I have done my analysis and I guess you do not understand actually what the issue is.Do understand am not a kinder garden student to just post a question and expect a ready made answer as I have done quite a lot of research in it more than you . I will look for someone who can just help me out on what are the different parameters that can be looked for rather than just replying generic. Please do not bother to reply further. Thanks again.
I have asked specifically what sort of information I should update here which is required for your analysis as I don't know what logs, JVM settings , XSL snippets which is taking more memory and time you may require for your analysis.If you have asked me any one of the above details or whatever you think is required, I can definitely provide them at first place.
Like most people on this forum, I do not have the time or resources to analyse an issue like this. As I said earlier this question cannot be answered in a forum such as this. You need to do the analysis and ask a more specific and detailed question before anyone can hope to offer any suggestions.
Have you tried using a profiler? A colleague of mine wrote an xml parser/validator in .Net for large files and the first file would complete in about 20-30 minutes. After the first though, it would get incredibly slow, taking around 18-30 hours to process 50mb files. When we checked the memory allocations there were about 10 times more than necessary. The app was running out of memory and continually hitting the page file on disk to make up the difference.

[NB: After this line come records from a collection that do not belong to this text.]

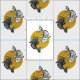 a decorative pattern design featuring lots of monochromatic coloured koi carps swimming in circles on top of big yellow circles on a fabric of your choice.
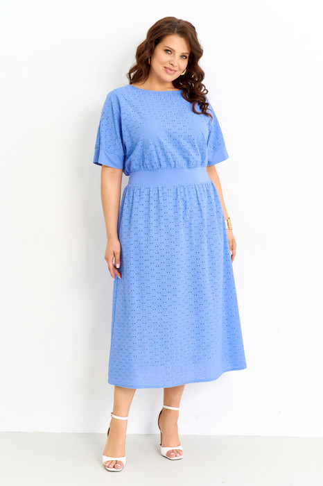 Женское платье свободного силуэта на подкладке выполнено из натуральной хлопковой ткани решелье. Платье с цельнокроеными рукавами, отрезное по линии талии, по спинке вставка из вискозы полностью на резинке, юбка платья на хлопковой подкладке, застежка по спинке на петлю и пуговицу. Платье полностью соответсвует заявленному размеру. Пользуйтесь таблицей замеров готового изделия.
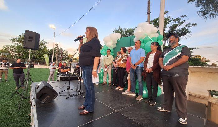 El martes 2 de diciembre quedó inaugurada la cancha de césped sintético del Club Social y Deportivo Primavera, ubicada en Av. Dr. Carlos Nery y Jaén, un avance significativo en la mejora de la infraestructura deportiva del territorio. La actividad contó con la presencia de la alcaldesa Matilde Palermo, integrantes del Concejo Municipal, representantes de la institución y autoridades nacionales. Niñas, niños y jóvenes participaron de la apertura, dando inicio a una etapa que ampliará las posibilidades de práctica deportiva en un entorno adecuado y seguro.
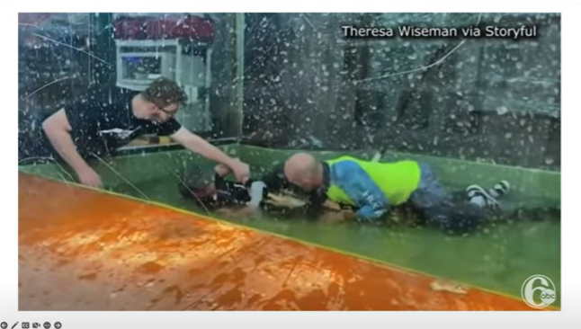 Everyone was panicking, but the man in the yellow shirt (who didn’t work there—he was just a birthday guest) jumped in to help. He got on the alligator, using his weight to stop it from rolling. She knew the alligator would try to grab more of her arm, so she stayed calm and waited for the right moment. When the alligator tried to get a better hold, she pulled her arm out, and the man outside pulled her to safety. The man in yellow, still on the alligator, was told how to get out, and within just a minute, he stepped right out. It was a miracle.
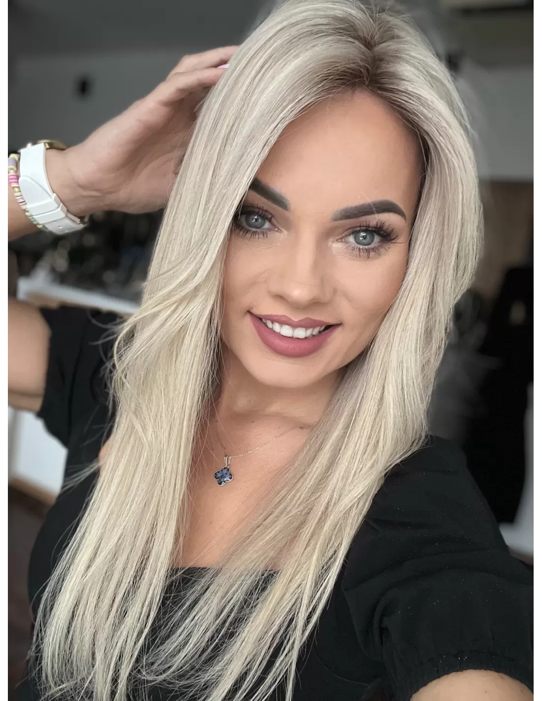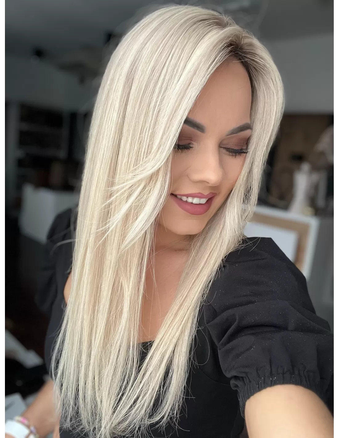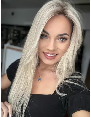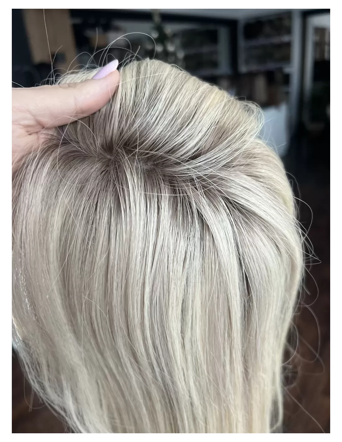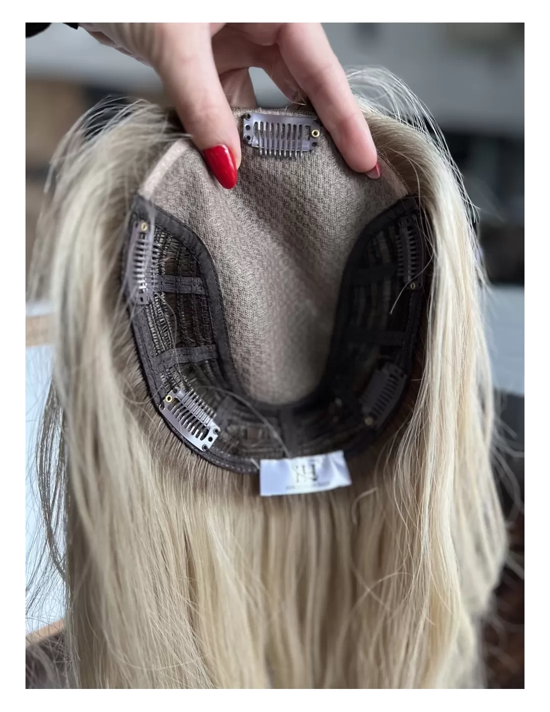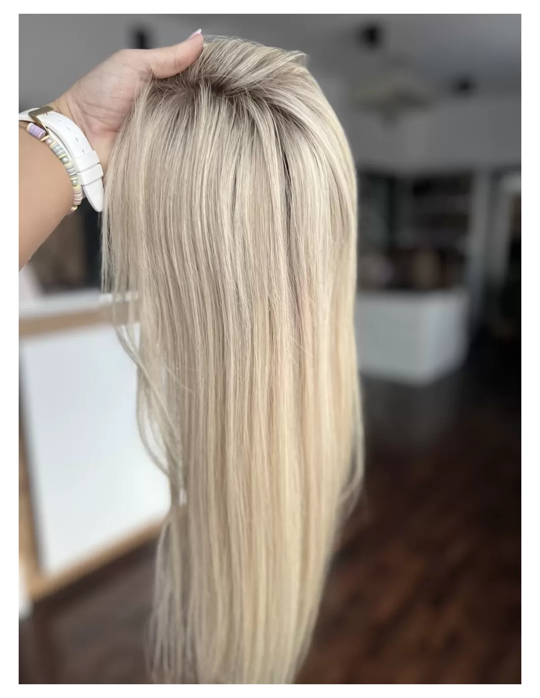 Topper wykonany jest w odcieniu wielowymiarowego naturalnego beżowego blondu z subtelnym chłodnym odrostem. U nasady widoczny jest delikatnie przyciemniony blond w tonacji naturalnego, popielato beżowego ciemnego blondu, który płynnie przechodzi w jaśniejsze długości. Dzięki temu efekt jest niezwykle realistyczny i imituje naturalnie rosnące włosy bez sztucznej "perukowej" linii. Długość to harmonijne połączenie jasnego beżu, kremowego blondu i bardzo subtelnych piaskowych refleksów. Kolor nie wpada w żółć ani w platynową szarość-jest elegancki, naturalny i miękki w odbiorze. Daje efekt włosów rozjaśnionych w profesjonalnym salonie fryzjerskim techniką balayage lub baby lights.

All of that because he didn't understand the immutable nature of .Net Strings.
EDIT - I realize you are not using .Net, but I am thinking you could try a profiler for java.
That is the best advice I can give, good luck friend.

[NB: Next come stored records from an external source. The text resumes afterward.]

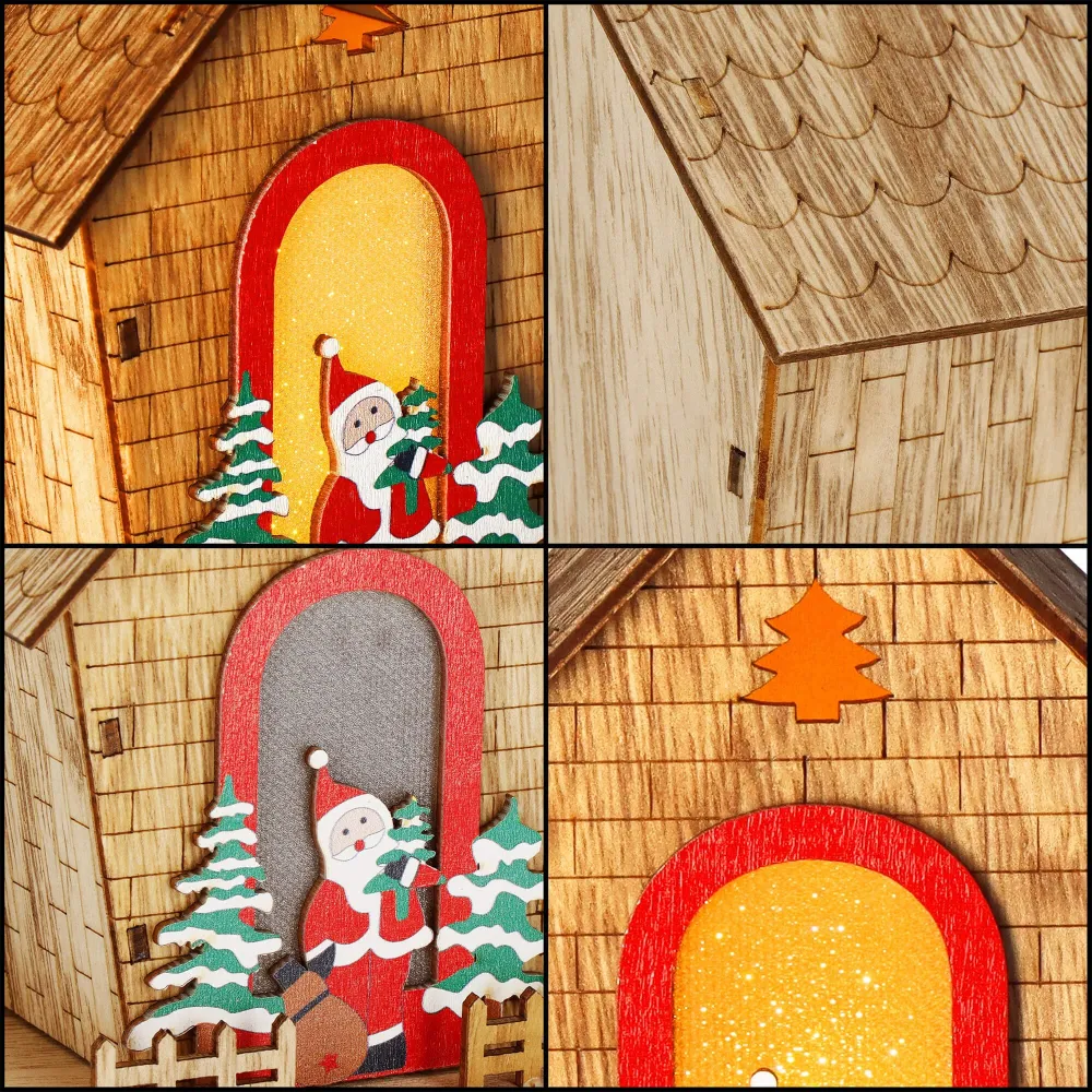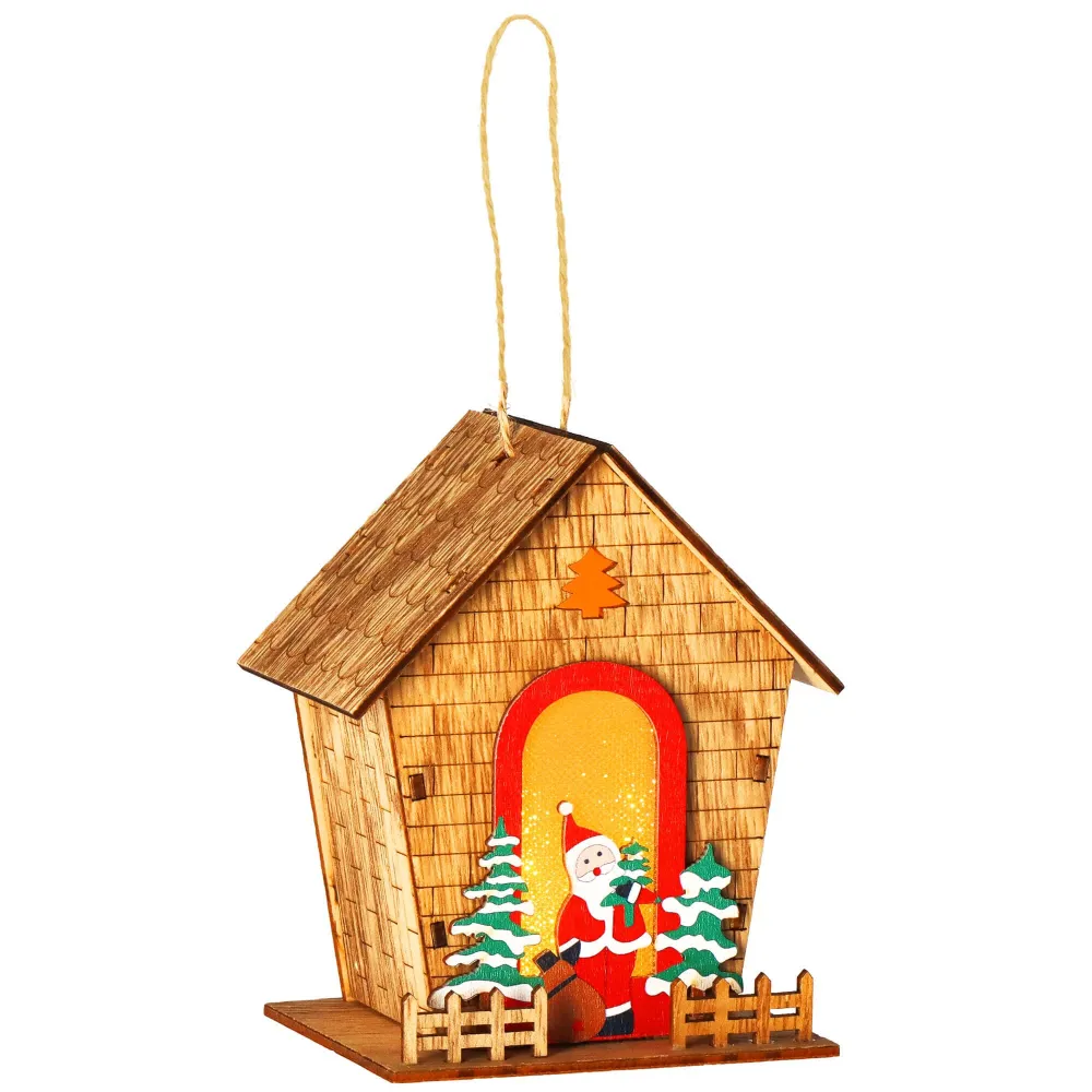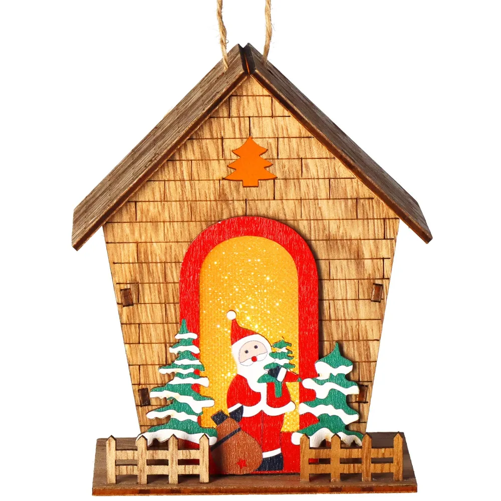 Drevený svietiaci domček 9,5x12,5 cm farebný, vianočná ozdoba
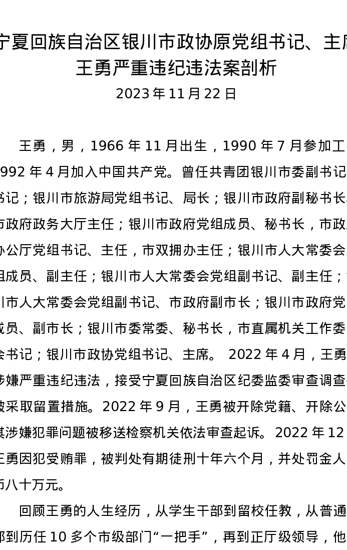 党纪学习教育∣07案例剖析:宁夏回族自治区银川市政协原党组书记、主席王勇严重违纪违法案剖析
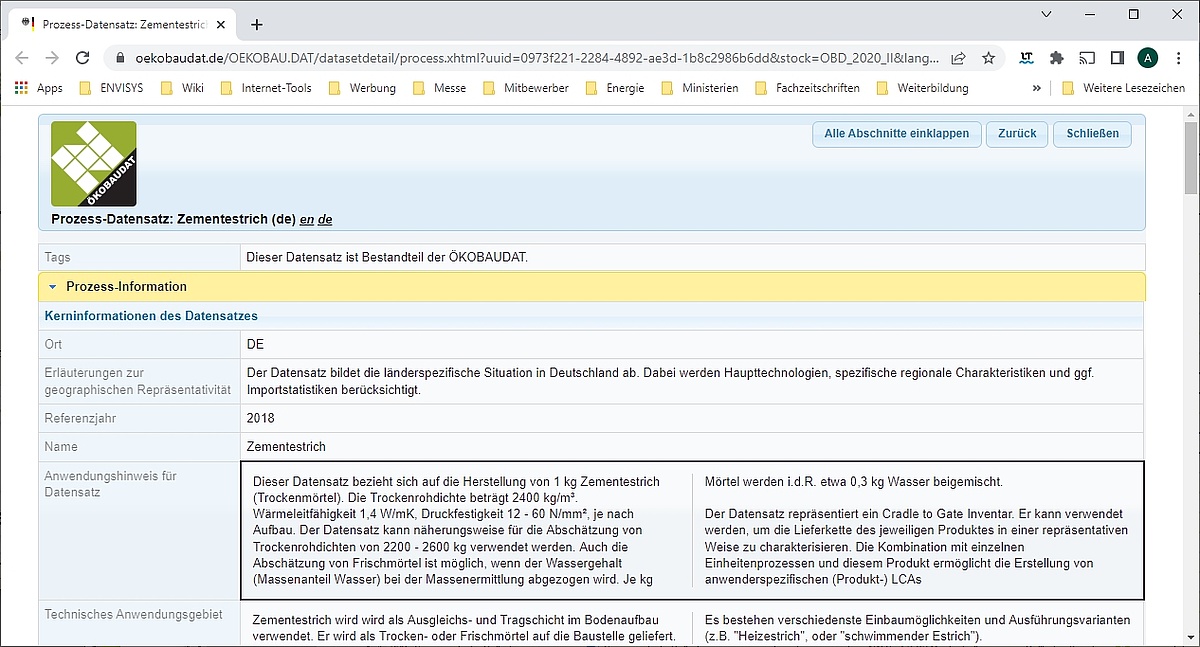 Details der ÖKOBAUDAT bzw. der Tabelle Ökobilanzierung Rechenwerte 2023 im Browser anzeigen

The issue is most likely poor XML and XSLT design. Too many people refuse to take the time to understand their data and XML and in the rush to 'get something working' they create a schema that is bloated, incomplete and that requires a lot of resources to even attempt to use.
Six days for 100MB? Yes - I can say that the schema does not represent the data well and the XSL is probably even worse because it must translate this rickety XML into something that might be even more poorly designed and implemented and it is apparent that the XSL has been where all of the changes and fixes have been applied.
For starters -- do not avoid using attributes simply because elements seem 'easier' -- they are not. Things that describe a thing -- are attributes. Things that own things -- are usually elements.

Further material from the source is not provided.